◆ **Required action**: From the listing below, retype exactly the line holding "Picasso - Frú Z, 1954, oila á striga.", the line holding "Lífi og starfi", and the lines between them; skip everything else.

◆ **Supplied records**:

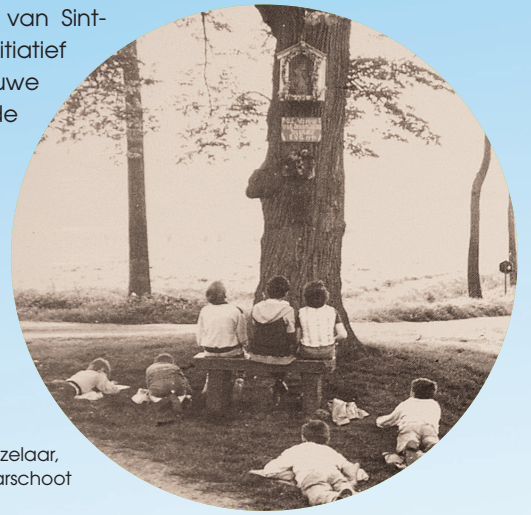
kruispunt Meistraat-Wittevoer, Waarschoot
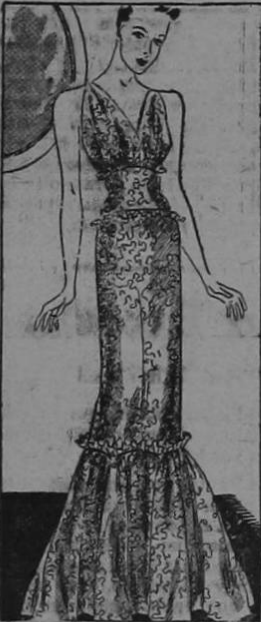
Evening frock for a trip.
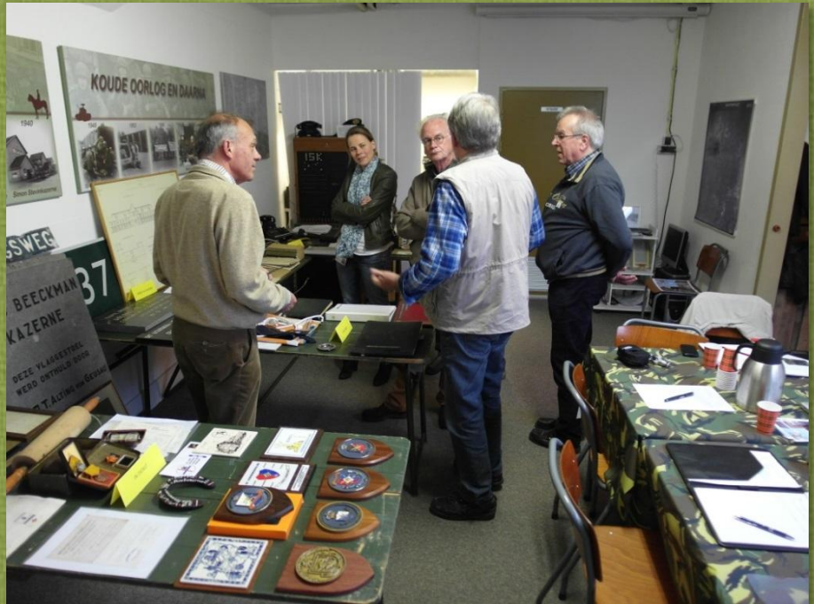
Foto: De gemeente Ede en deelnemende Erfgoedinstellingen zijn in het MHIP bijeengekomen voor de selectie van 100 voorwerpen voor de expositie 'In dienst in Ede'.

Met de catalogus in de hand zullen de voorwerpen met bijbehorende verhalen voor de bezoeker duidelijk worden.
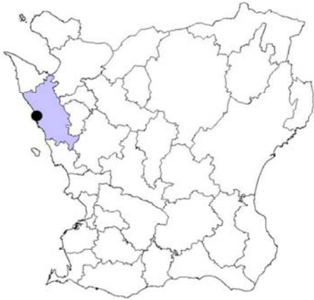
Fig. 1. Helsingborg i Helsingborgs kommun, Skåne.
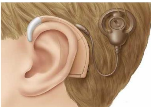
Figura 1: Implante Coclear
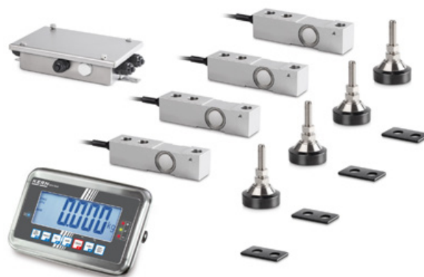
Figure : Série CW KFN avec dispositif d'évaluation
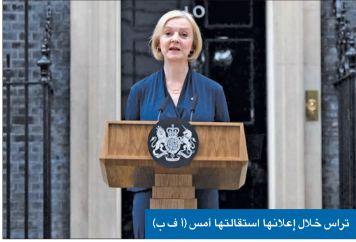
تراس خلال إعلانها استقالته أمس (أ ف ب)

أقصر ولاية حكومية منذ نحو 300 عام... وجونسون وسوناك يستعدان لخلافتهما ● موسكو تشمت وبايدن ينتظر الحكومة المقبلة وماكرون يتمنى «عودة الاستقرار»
--
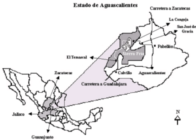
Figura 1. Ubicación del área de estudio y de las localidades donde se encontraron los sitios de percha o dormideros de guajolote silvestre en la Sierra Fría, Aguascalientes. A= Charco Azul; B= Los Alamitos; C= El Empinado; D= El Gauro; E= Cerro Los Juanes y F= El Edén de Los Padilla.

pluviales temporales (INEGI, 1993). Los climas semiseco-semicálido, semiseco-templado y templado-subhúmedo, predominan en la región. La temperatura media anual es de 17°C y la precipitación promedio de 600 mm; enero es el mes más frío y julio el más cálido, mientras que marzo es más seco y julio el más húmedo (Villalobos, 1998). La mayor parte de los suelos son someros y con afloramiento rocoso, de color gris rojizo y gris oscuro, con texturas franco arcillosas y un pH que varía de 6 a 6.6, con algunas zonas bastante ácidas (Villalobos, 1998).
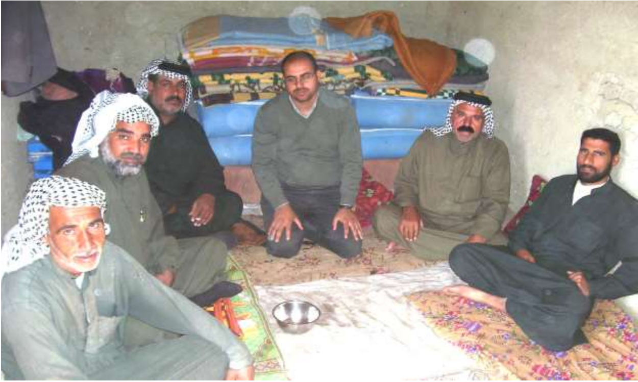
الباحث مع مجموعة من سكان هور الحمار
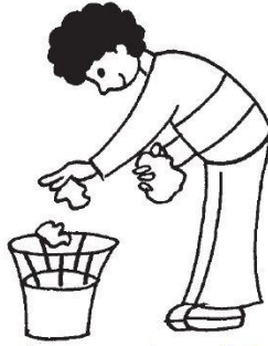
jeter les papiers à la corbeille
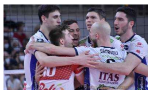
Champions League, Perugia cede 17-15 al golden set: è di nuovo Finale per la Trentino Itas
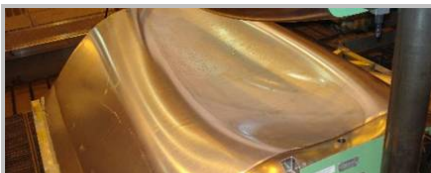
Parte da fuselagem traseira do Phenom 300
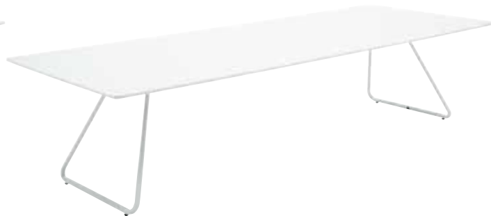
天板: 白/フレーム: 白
...
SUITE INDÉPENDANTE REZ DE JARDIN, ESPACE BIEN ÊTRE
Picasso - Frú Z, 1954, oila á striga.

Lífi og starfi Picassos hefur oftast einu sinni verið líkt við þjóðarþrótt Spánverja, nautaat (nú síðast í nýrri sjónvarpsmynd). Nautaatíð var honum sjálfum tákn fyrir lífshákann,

◆ **Answer section**:
Picasso - Frú Z, 1954, oila á striga.

Lífi og starfi Picassos hefur oftast einu sinni verið líkt við þjóðarþrótt Spánverja, nautaat (nú síðast í nýrri sjónvarpsmynd). Nautaatíð var honum sjálfum tákn fyrir lífshákann,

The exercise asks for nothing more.